Miki S, Ksander B, Streilein J W
Department of Microbiology and Immunology, University of Miami Medical School, Fl 33101.
Reg Immunol. 1992 Nov-Dec;4(6):352-62.
DBA/2-derived P815 tumor cells form progressively growing tumors when injected into the anterior chamber (AC) of normal BALB/c eyes. By contrast, P815 cells injected into the subconjunctival (SCon) space of BALB/c mice are promptly rejected. Despite these very different outcomes, both AC and SCon tumors elicit an equal clonal expansion of tumor-specific precursor cytotoxic T cells (pTc) within the draining cervical lymph nodes. Moreover, tumor-specific pTc migrate systemically and infiltrate both AC and SCon tumor-containing eyes. The present study explores the hypothesis that pTc generated in response to AC P815 tumors are less efficient "killers" than their SCon counterparts. To address this issue pTc were restimulated in vitro in the presence of exogenous lymphokines to initiate the terminal differentiation of pTc into fully functional cytotoxic T cells (Tc). Then an assay was developed to evaluate the capacity of AC and SCon CD8+ Tc to eliminate P815 tumor cells growing in vitro, i.e., achieve a "cure." This assay established the day tumor cells were completely eliminated (cure), as well as the rate of tumor cell removal. Using this approach it has been learned that pTc harvested from AC and SCon tumor-bearing mice have the same potential for eliminating P815 tumor cells in vitro. Moreover, the efficiency of achieving an in vitro tumor "cure" was found to be remarkably enhanced if exogenous lymphokines, as a surrogate source of T cell "help," were included in the cultures at the time effector lymphocytes were added to the proliferating tumor target cells. This latter finding emphasizes the need for sustained availability of helper factors in order to maximize the efficiency with which Tc can eliminate tumor cells. We interpret the results to mean that successful rejection of tumors in vivo is likely to turn upon (a) arrival of tumor-specific pTc at the tumor site, (b) delivery of "help" that promotes the terminal conversion of these cells into Tc, and (c) sustained presence of "help" which promotes the efficiency of immune elimination of tumor cells. Since equally large numbers of P815-specific pTc enter AC and SCon tumor sites in BALB/c mice, the failure of rejection in the former may be due to an inability of the host to provide immediate and sustained local T cell help. Implications of these studies for the development of immunotherapies for intraocular tumors are discussed.
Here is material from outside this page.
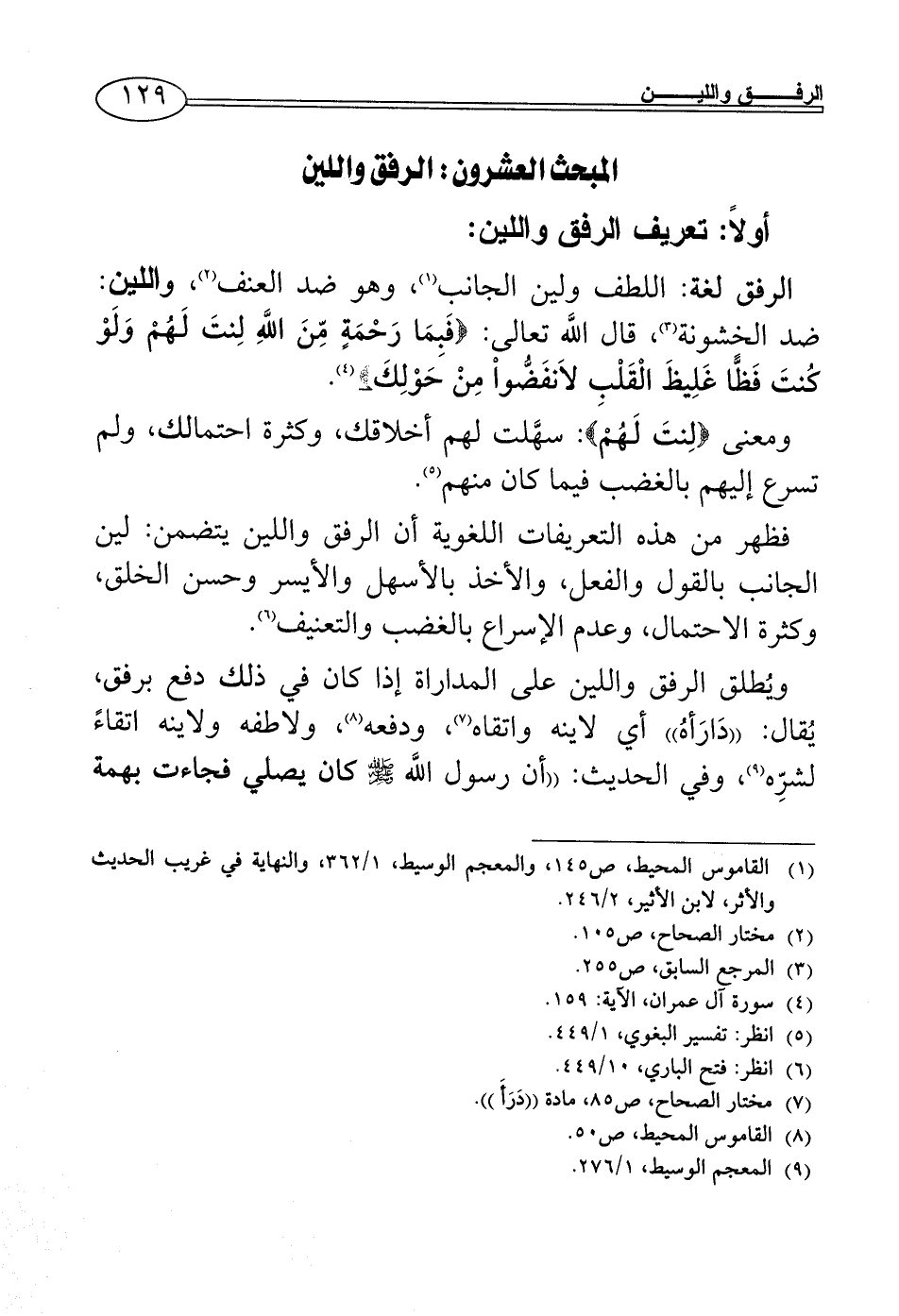 فظهر من هذه التعريفات اللغوية أن الرفق واللين يتضمن: لين الجانب بالقول والفعل، والأخذ بالأسهل والأيسر وحسن الخلق، وكثرة الاحتمال، وعدم الإسراع بالغضب والتعنيف (¬6).

将源自DBA/2的P815肿瘤细胞注入正常BALB/c小鼠的前房(AC)时,会形成逐渐生长的肿瘤。相比之下,注入BALB/c小鼠结膜下(SCon)间隙的P815细胞会迅速被排斥。尽管结果差异很大,但AC和SCon肿瘤在引流的颈部淋巴结内均能引发肿瘤特异性前体细胞毒性T细胞(pTc)同等程度的克隆扩增。此外,肿瘤特异性pTc会发生全身迁移,并浸润含有AC和SCon肿瘤的眼睛。本研究探讨了这样一种假说,即响应AC P815肿瘤产生的pTc作为“杀手”的效率低于其SCon对应物。为了解决这个问题,在体外利用外源性淋巴因子重新刺激pTc,以启动pTc向功能完全成熟的细胞毒性T细胞(Tc)的终末分化。然后开发了一种检测方法,以评估AC和SCon CD8 + Tc清除体外生长的P815肿瘤细胞的能力,即实现“治愈”。该检测方法确定了肿瘤细胞被完全清除(治愈)的日期以及肿瘤细胞清除率。通过这种方法发现,从携带AC和SCon肿瘤的小鼠中收获的pTc在体外清除P815肿瘤细胞的潜力相同。此外,发现如果在将效应淋巴细胞添加到增殖的肿瘤靶细胞时,在培养物中加入外源性淋巴因子作为T细胞“辅助”的替代来源,实现体外肿瘤“治愈”的效率会显著提高。后一个发现强调了持续提供辅助因子的必要性,以便最大限度地提高Tc清除肿瘤细胞的效率。我们将这些结果解释为意味着体内肿瘤的成功排斥可能取决于:(a)肿瘤特异性pTc到达肿瘤部位;(b)提供促进这些细胞终末转化为Tc的“辅助”;(c)持续存在促进肿瘤细胞免疫清除效率的“辅助”。由于在BALB/c小鼠中,等量的P815特异性pTc进入AC和SCon肿瘤部位,前者排斥失败可能是由于宿主无法提供即时和持续的局部T细胞辅助。讨论了这些研究对眼内肿瘤免疫治疗发展的意义。